Globally, the national oil companies of major oil-exporting nations make up six of the top 10 largest oil companies by volume produced. Saudi Aramco is by far the largest of them all, followed by Russian firm Gazprom and the National Iranian Oil Company. ExxonMobil (NYSE: XOM) is the fourth largest integrated oil company in the world, while ConocoPhillips (NYSE: COP) is the world's largest independent pure-play exploration & production company.

Coal

Starting in the second half of the 18th century, cheap and abundant supplies of coal ushered in the Industrial Revolution, which resulted in large-scale industrial production and a huge expansion of employment. Today, more than 40% of the world's electricity is generated from burning coal, by far the largest share of any fuel for electricity production. By providing affordable electricity for a large proportion of the world's population, coal has improved the living standard for billions around the globe.

But coal is even dirtier than oil.
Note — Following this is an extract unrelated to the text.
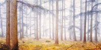 Bright forest. Laatste flarden mist verdwijnen tussen de bomen, de warme kleuren van het bos komen weer tevoorschijn.

Per ton of oil equivalent consumed, coal emits about 30% more carbon dioxide, as well as sulfur dioxide, nitrogen oxides and mercury compounds. Increased coal consumption -- particularly in the Asia Pacific region -- is the single largest driver of rising global carbon dioxide emissions.

140923telcoalconsbyglobalregion

Environmental impacts of coal consumption became readily apparent in the 18th century as the air quality in England's cities diminished. Even in the modern era, coal pollution is cited as a cause of premature deaths in major cities in developed countries. While stricter laws have greatly reduced air pollution from coal in much of the developed world, many cities in China are still plagued by air pollution from coal-fired power plants.
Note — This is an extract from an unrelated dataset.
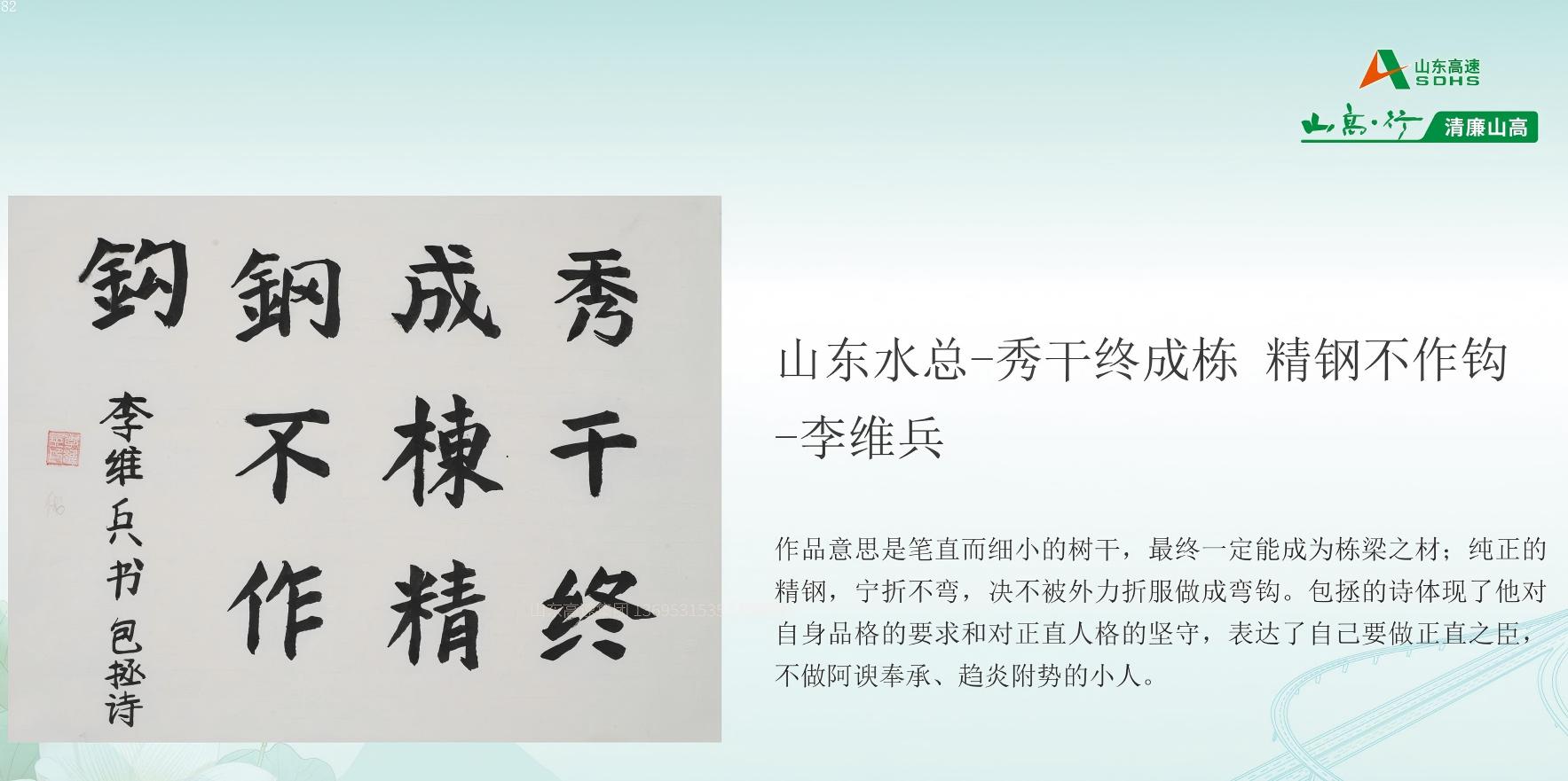 6月11日,在山東高速集團紀委組織的“清廉山高”廉潔文化作品征集活動中,山東水總基礎工程有限公司制作的短視頻《筑廉潔防線,守初心之路》榮獲“光影映廉”板塊三等獎,第二分公司李維兵的書法作品《秀干終成棟,精鋼不作鉤》摘得“工藝創廉”書法類優秀獎。

Coal mining is also a highly dangerous occupation in certain countries. In the US, more than 100,000 coal miners were killed in accidents during the 20th century, while many others suffered from long-term illnesses as a result of breathing coal dust. The fatality rate in the US has fallen dramatically in recent years as a result of improvements in technology and stricter safety standards, but globally the number of annual fatalities remains high. In China, for example, thousands of miners are killed on the job each year.

Coal mining also scars the landscape. In recent years, the practice of mountaintop removal has come under criticism. This practice sometimes involves dumping the mountaintop overlying a coal seam into neighboring valleys, which can bury streams and change the hydrology of the area. Studies have documented that this practice can lead to increased flooding of downstream areas and a degradation of downstream water quality.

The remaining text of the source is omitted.